Giant Covalent Structures

Giant Covalent Structures

Definition

  • A giant covalent structure is a large network of atoms joined together by covalent bonds where thousands of atoms can be linked together in this way.

Formation

  • Covalent bonds are formed when two non-metals share electrons.
  • In a giant covalent structure, many atoms are linked together by shared pairs of electrons to form a large network or lattice structure.
  • Each atom is joined to several others, leading to the formation of a giant structure.

Properties of Giant Covalent Structures

  • High melting and boiling points: Due to multiple strong covalent bonds, these structures require a lot of energy to be broken down. This results in high melting and boiling points.
  • Hardness: Giant covalent structures are generally hard.
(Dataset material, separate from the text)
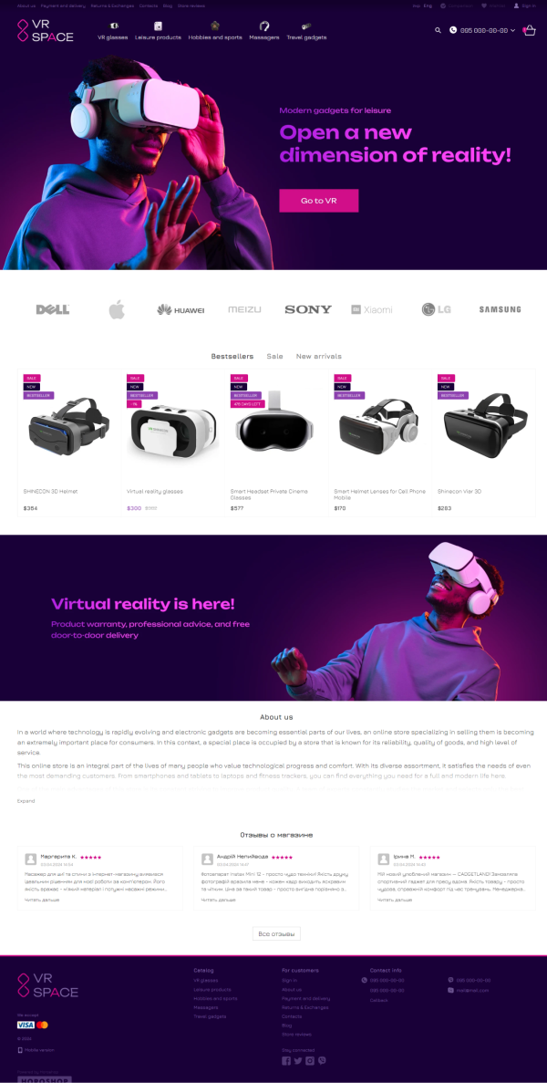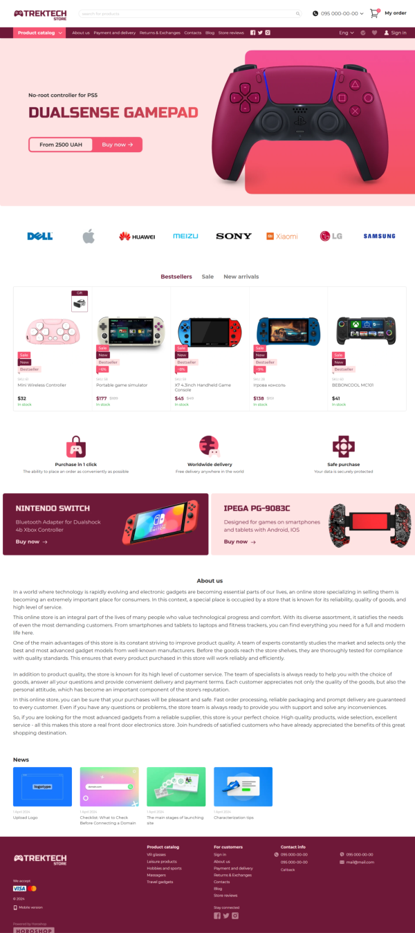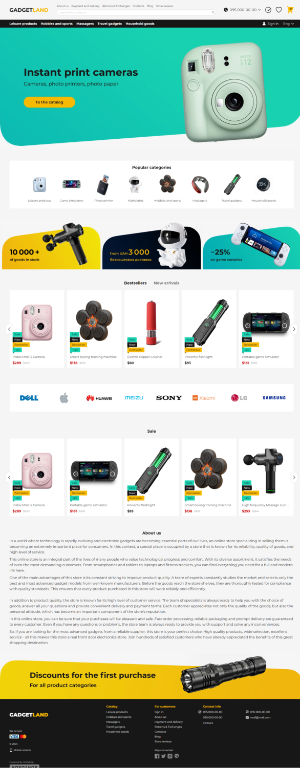 Magazinele online de electronice și gadgeturi pot folosi cu îndrăzneală culori strălucitoare și o mulțime de bannere. Este recomandabil să plasați un bloc pe pagina principală cu o listă cu mărcile pe care le oferiți, deoarece pentru mulți utilizatori producătorul dispozitivului electronic dorit este de importanță prioritară. Este mai bine să faceți cardurile să nu fie prea mari — de obicei, această nișă implică o mulțime de produse din sortiment, iar principalul lucru în ele sunt caracteristicile, nu fotografiile.

For example, diamond, a form of carbon, is one of the hardest known materials.
  • Conductivity: Most giant covalent structures do not conduct electricity as they do not have delocalised electrons. However, graphite, which is a form of carbon, does conduct electricity as it has one layer of delocalised electrons.
  • Solubility: These structures are usually insoluble in water and other common solvents.
  • Density: Giant covalent structures can have a high or low density depending on the specific structure and arrangement of atoms.

Types of Giant Covalent Structures

  • Certain elements exist as giant covalent structures. These include carbon in the form of diamond and graphite, and silicon dioxide, more commonly known as silica or quartz.
  • Diamond and graphite, although both forms of carbon, have very different properties due to their different structures.
  • Diamond has a rigid network structure with each carbon atom joined to four other carbon atoms, forming a very hard, transparent substance.
  • Graphite, on the other hand, consists of layers of carbon atoms with each atom only joined to three other carbon atoms, allowing the layers to slide over each other. This makes graphite soft and slippery.
  • Silicon dioxide, or silica, is a ubiquitous component of the earth’s crust and has a complex and largely variable structure that includes a range of crystalline forms and an amorphous form.

Stability of Giant Covalent Structures

  • These structures are stable due to the strong covalent bonds and large amounts of energy required to break them.
  • The shared pairs of electrons between atoms also contribute to this stability as they fill the outer electron shells of the atoms involved.

Energetics of Giant Covalent Structures

  • The formation of a giant covalent structure is exothermic as it releases energy, primarily because the energy required to form covalent bonds is less than the energy released by the formation of these bonds.

Examples of Giant Covalent Structures

  • Common examples of giant covalent structures include diamond, graphite, silica, silicon, and boron.